Here goes a list of features ordered by computed for this run importance. They permute a little bit with each re-run, although the top ones tend to stay higher in the list. 

In [None]:
cbc_best = CatBoostClassifier(**cbc_params)
cbc_best.fit(all_percentiles[new_cols], all_percentiles.troll.values)
var_importance = list(zip(cbc_best.feature_importances_, new_cols))
var_importance.sort(key=lambda x:x[0], reverse=True)
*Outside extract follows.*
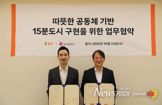 뉴스펀치 김길룡 기자 | 부산시는 22일 오후 2시 10분 서울 ㈜당근마켓 본사에서 ㈜당근마켓(대표이사 황도연)과 '따뜻한 공동체 기반 15분도시 구현을 위한 업무협약'을 체결했다고 밝혔다.

print("A number of variables is "+str(len(new_cols)))
var_importance

As we see, the most crucial  for troll detection is the way they stick to their instructions. In particular they should include specific words into their texts, so an average word length differs from what normal Americans use. They use a number of ways to increase their audience: links, hashtags, Twitter handles, and it shows. They apparently have guidelines for a post length. I consider it as convenient because we can set up filters for catching the most significant metrics, and then check a whole account activity. 
 
In addition the suggested features turned out to be not very dependable on languages but mostly on a paid troll account activity. Thus we can apply this work for other languages, and not  limit ourselves to Russian trolls posting English texts.